Шествие | страница 29
Пользуясь паузой, возникшей в разговоре, поспешил я из снежного павильона наружу. За мной увязалась одышливая, плешивая собака, обнюхивавшая мои следы и время от времени лизавшая их, будто были они съедобными.
Тогда из заднего кармана джинсов вытащил я записную книжку. Нет, вовсе не для того, чтобы попросить у псины адресок. Я уже знал, что начертанные на бумаге обозначения очень скоро начинают здесь… исчезать. Буквально через сотню шагов по дороге буквы, цифры и прочие знаки начинают тускнеть, линять, тушеваться, покуда вовсе не сходят с бумажного листа, как румянец с лица испуганного человека.
Записная моя книжка, некогда под завязку густо заполненная адресами, телефонными номерами, фамилиями, сейчас была порожней.
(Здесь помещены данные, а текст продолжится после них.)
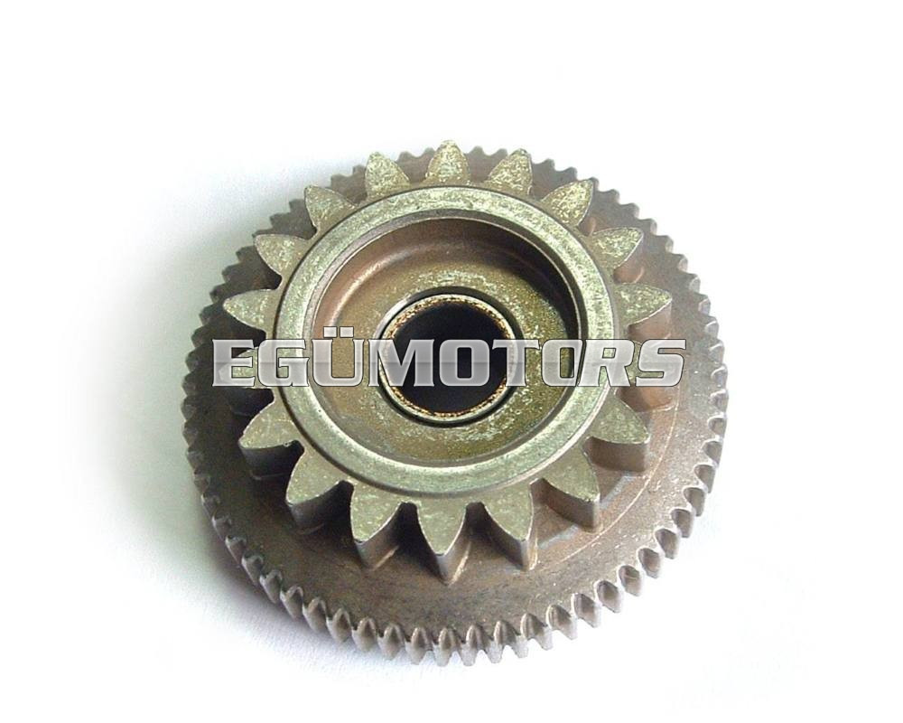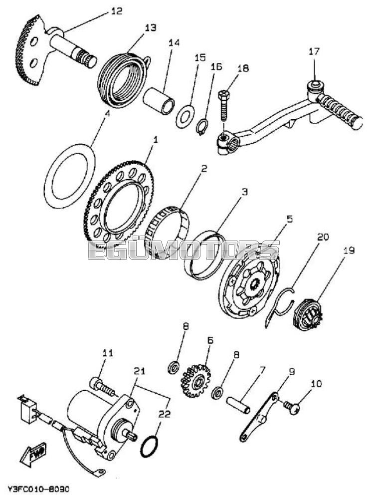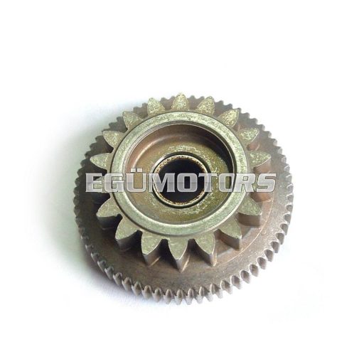 Eredeti, Yamaha gyártmányú közlőfogaskerék az önindítóhoz, CY-CA-MY-MA blokkos robogókba való alkatrész. 6-os számú alkatrész a további képeknél látható robbantott ábrán.
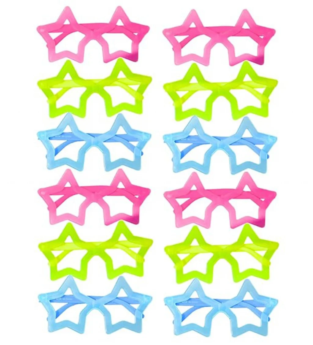 BUĞZ Fosforlu Yıldız Model Glow Parti Gözlüğü Karanlıkta Yanan Gözlükler 12 Adet

Страницы ее выглядели морщинистыми, изношенными, тряпично измятыми и не несли на своей поверхности ни одной закорючки.
Внутри записной книжки, меж ее страниц, как бы стиснутая в ладонях, но не раздавленная, хранилась у меня веточка полыни, давнишняя, прихваченная в причерноморских степях… ради запаха. Запах мне ее нравился. Как балалаечнику — запах политуры. Здесь, на дороге, время от времени доставал я свой талисман, поднося веточку к носу и вдыхал далекий запах, едва различимый, как звон колоколов легендарного Китежа-града, запах родимой земли, ее бескрайних степей, бездонных небес и непроглядных лесов.
Паршивая собачка моляще задрала свою жалкую мордаху с болезненно-сухой кожицей на острие нюхалки. Я дал ей подышать полынью. И собака благодарно завиляла обноском хвоста, словно учуяла нечто. А затем довольно бодро заковыляла вместе со всеми — в сторону неизвестности.
4
Викентий Мценский жадно вдыхал воздух своего первого небольничного дня — дня относительной свободы, кое-каких надежд и не слишком изысканных желаний.
Еще на Васильевском острове, в Соловьевском саду, пришло к нему ощущение странной, не сплошной, а как бы выборочной теплоты. Прежде такая локальная теплота возникала в желудке после первого стакана. А теперь это благо посетило Мценского снаружи, откуда-то даже свыше, словно в густой листве, распростертой над ним, нашлась потаенная дырочка для солнечного луча, а может, лист оборвался, пожертвовал собой, и солнечный луч уперся Мценскому в грудную клетку, как раз над тем местом, где все еще шевелилось сердце.
Потом возник этот Чугунный, то бишь Володя Чугунов. Явился он весь неузнаваемый, искалеченный своей печалью, то есть заботой о выпивке, с рассованными по карманам флаконами душистой парфюмерии. Сам Чугунный узнал Мценского моментально — узнал, несмотря на замутненность памяти, изувеченный интеллект и разросшуюся, словно гигантская опухоль, «сатирическую» озлобленность на благополучный окружающий мир. Веселый этот гнев с годами превратился в характер Володи Чугунова. Он-то и обострял время от времени притупившуюся память и прочие свойства организма бывшего осветителя.